Un cadavere tenuto venti metri sotto terra

IlCadavereDellaCultura

di Alfonso Liguori, attore-giornalista

Fosse un fantasma che si aggira per la campagna elettorale in corso, almeno di tanto in tanto se ne avvertirebbe la presenza. Invece è un cadavere, tenuto a venti metri sotto terra. È la cultura, grande assente della contesa partitica, assente cui nessuno schieramento politico sente il bisogno di far riferimento, nonostante ci siano da parte di operatori e studiosi del settore, italiani e stranieri, ripetuti richiami all’attenzione. È forse il segno dei tempi ed anche, probabilmente, il segno del peso intellettuale della classe politica che si propone per la prossima guida del Paese. A scorrere i programmi, nessuno si salva. Nemmeno i nuovi, nemmeno i piccoli. A meno che tra i cento, duecento, trecento simboli presentati non ce ne sia uno da 0,0001 % alle urne che ci sia sfuggito.

 

Eppure, la Cultura, intesa come produzione di idee e come beni culturali, è il vero petrolio dell’Italia. Non soltanto per ciò che l’adeguato “sfruttamento” di questi beni può portare alle casse dalla nazione, ma anche per il numero enorme di persone che ci lavorano. Basti pensare che soltanto nel settore Prosa sono attive circa trecentomila persone, tra attori, tecnici di teatro, amministrativi, addetti ai trasporti e alla creazione di scene e costumi. Forse la cifra è anche in difetto, ma ci piacerebbe che qualcuno comprendesse che stiamo praticamente parlando di un’altra Fiat.

Collegati al settore Prosa, ci sono tutti i lavoratori di cinema e tv. E poi coloro che operano nella musica, lirica, sinfonica, pop, e quelli che lavorano nella danza… E ancora, quelli impiegati nei musei e nei siti archeologici, nelle biblioteche, negli archivi. E quindi restauratori, liutai, accordatori, docenti di conservatori e accademie… E i custodi e gli impiegati di conservatori e accademie e di cento altre scuole di formazione… Ed i librai, e tutti coloro che alla preparazione di un libro lavorano, dai correttori di bozze ai tipografi, fino ai fabbricanti di carta o ai disegnatori di copertine…
E poi c’è l’indotto, non soltanto quello grande prodotto dai turisti, ma anche quello, piccolo e quotidiano, che muovono tutti gli operatori dello spettacolo che vanno di giorno in giorno per città e paesini d’Italia: entrano in alberghi, in bar, in ristoranti, in negozi, in farmacie, fanno benzina, pagano pedaggi autostradali, biglietti di treno… Non ci vuole un genio per comprendere quanta ricchezza, morale ed economica, può portare ad un paese il giusto “sfruttamento” dell’intero suo mondo culturale. E questo senza nemmeno considerare la potenziale combinazione del settore Cultura con il settore Turismo.

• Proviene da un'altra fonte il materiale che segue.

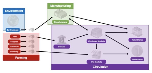 Agricultural production and upstream operations are decentralized and fragmented, while midstream distribution is characterized by multi-step systems that entail significant losses. To reach consumers, agricultural products transit through brokers, wholesale markets at their place of origin, secondary wholesalers, and retail-facing wholesalers before reaching wet markets, supermarkets, and other consumer channels. In addition, there are numerous downstream sales channels, including hypermarkets, supermarkets, wet markets, and online retailers. These multi-step systems present challenges to effectively managing food safety in China.

Eppure, c’è un cadavere in questa campagna elettorale, e si chiama Cultura. Nemmeno una parola, nemmeno un sospiro, neanche uno sguardo.
Non c’è più nemmeno da chiedersi il percome e il perché. È così. Come è così per i morti, ai quali tocca solo il dignitoso silenzio.

 

 

17 commenti

Il tuo indirizzo email non sarà pubblicato. I campi obbligatori sono contrassegnati *

  • Non voglio essere complottista, ma, distrazione a parte dei partiti, il non introdurre la cultura fra le priorità, anche di carattere economico, di questo paese, mi sembra piuttosto una scelta di campo voluta e, ahinoi, quasi ottenuta. La morente europa, per come l’abbiamo immaginata, sta esalando l’ultimo respiro prima dell’invasione cinese e, così come fa un coccodrillo in via di estinzione, divora i propri figli cominciando proprio da quella cultura e conoscenza delle cose che ci ha portato fino a questo punto, come dire: abbiamo mangiato la mela ed ecco la nostra punizione…stavolta Dio non c’entra!

  • La cultura è fondamentale, però prima vediamo di dare un reddito, che sia almeno vicino ad un decoroso minimo vitale, ai cittadini onesti di questa nostra Nazione.

    Panem et circenses!

    Prima il pane…è solo una questione di priorità, mi perdonerai.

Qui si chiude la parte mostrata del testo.